Saccharopolyspora spinosa: Difference between revisions

UNDER CONSTRUCTION

Classification

Domain: Bacteria

    Phylum: Actinobacteria

        Class: Actinobacteria

            Order: Actinomycetales

                Family: Pseudonocardiaceae

                    Genus: Saccharopolyspora

Species

Saccharopolyspora spinosa

Related species:
Saccharopolyspora hirsuta

Saccharopolyspora erythraea

Description and Significance

Figure 1. Saccharopolyspora spinosa. Scanning Electron Microscopy image of S. spinosa hyphae surrounded by spiny sheath (left), and bead-like chains (right). Image is Courtesy of Dow AgroSciences

In 1982, researchers vacationing in the Virgin Islands discovered the actinomycete bacteria, Saccharopolyspora spinosa, in soil collected at an inoperative sugar mill rum still (Mertz and Yao 1990, Thompson et al. 2000). Similar to other species in the Saccharopolyspora genus, S. spinosa are aerobic, gram-positive, and have mycelium (Mertz and Yao 1990). The mycelium are made up of pale yellowish-pink aerial hyphae, and yellow to yellow-brown substrate hyphae (Mertz and Yao 1990). These hyphae are long bead-like spore chains (with 50+ spores) that are surrounded by spiny (='spinosa') spore sheaths (Mertz and Yao 1990). Spores are oblong and approximately 1.1μm by 1.5μm (Mertz and Yao 1990). Aerial hyphae have a hook, loop and incomplete spiral arrangement that are described as 'rectus-flexibilius' (Mertz and Yao 1990). These bacteria are most similar to S. hirsuta and S. erythraea in morphology, but have different physiological characteristics compared to other species in this genus (Mertz and Yao 1990). Furthermore, since the discovery of S. spinosa, many research cultures have developed different strains of S. spinosa that have distinct characteristics. Strains of S. spinosa are convoluted in scientific literature, but a few including the type strain: A83543.1 are listed on StrainInfo.net.

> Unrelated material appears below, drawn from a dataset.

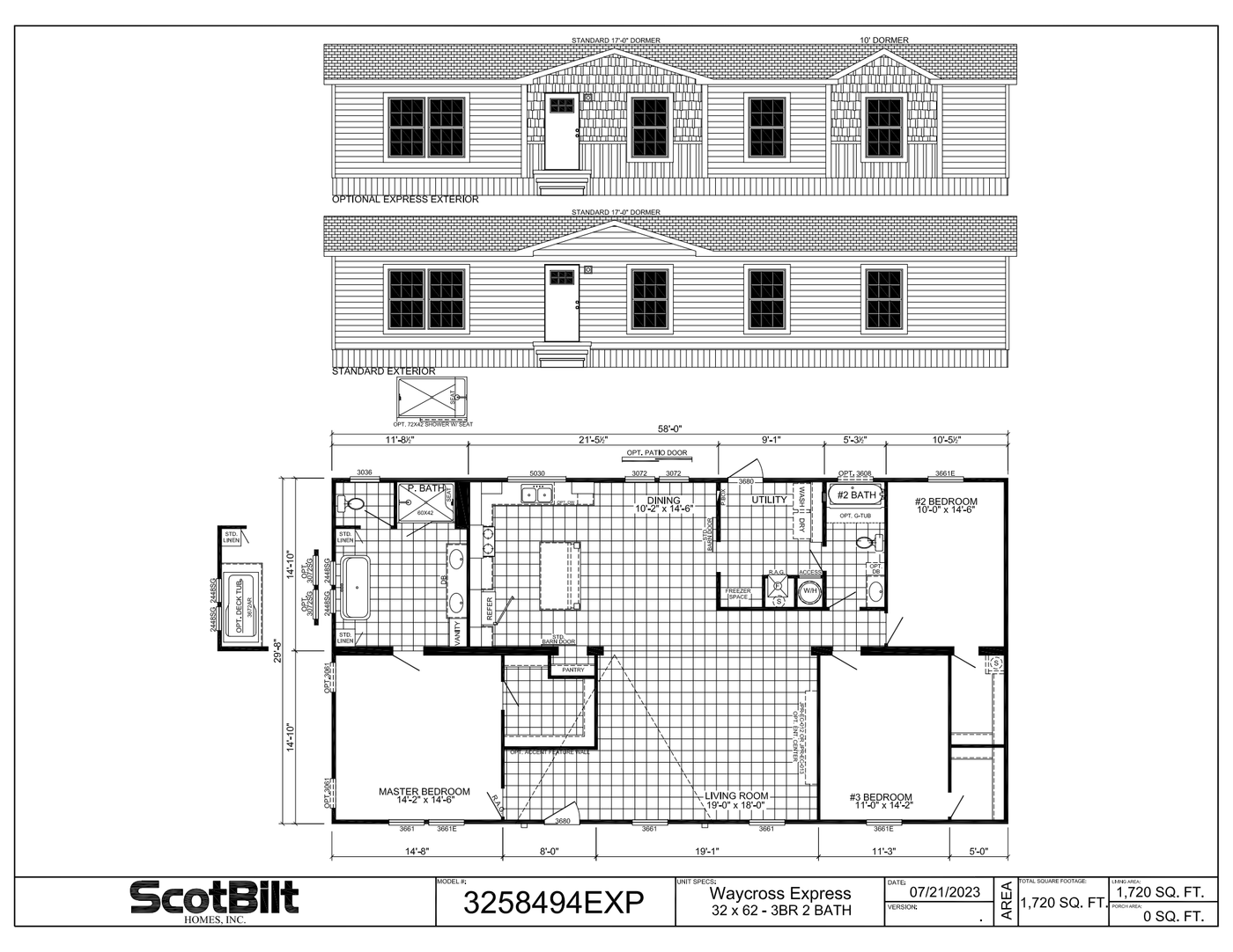 This floorplan is built in Waycross, GA and is part of the Waycross Express Series. This floorplan features standard features like a 60 x 42 Palisades Shower in Main Bathroom with Rain Shower Head and full tile backsplash in kitchen.

Saccharopolyspora spinosa produce metabolites named 'spinosyns' that are economically, ecologically, and agriculturally important. It has been found that spinosyns have pesticidal properties that are effective for many mites and insects (Salgado 1998, Bond et al. 2004, Cloyd 2009, Thompson et al. 2000, Watson 2001, Hertlein et al. 2011). Interestingly, the discovery of these properties led to a patent on S. spinosa and the byproducts produced by the organisms (Turner et al. 1995). Spinosyns are generated by S. spinosa in an aerobic fermentation broth consisting of necessary metabolic nutrients and the S. spinosa organisms. The spinosyns extracted from the broth make up a class of insecticides that are sold under trade names such as Conserve® and Entrust®. Because the active ingredients in these pesticides are biological byproducts, the pesticides are marketed as "natural," and less toxic compared to other available chemicals. Furthermore, the spinosyns have two modes of action that help prevent development of resistances. Therefore, pesticides containing spinosyns are attractive options for pest management in agriculture.

Genome Structure

The genome of Saccharopolyspora spinosa has been drafted by the Beijing Genomics Institute. It was produced using a genome shotgun strategy as well as pyrosequencing. The entire genome was found to be at 8,581,920 base pairs with 8,302 predicted coding sequences. G+C content was found to be 67.94% (Pan et al. 2011). This organism is still under study and its genome is in the process of being fully mapped.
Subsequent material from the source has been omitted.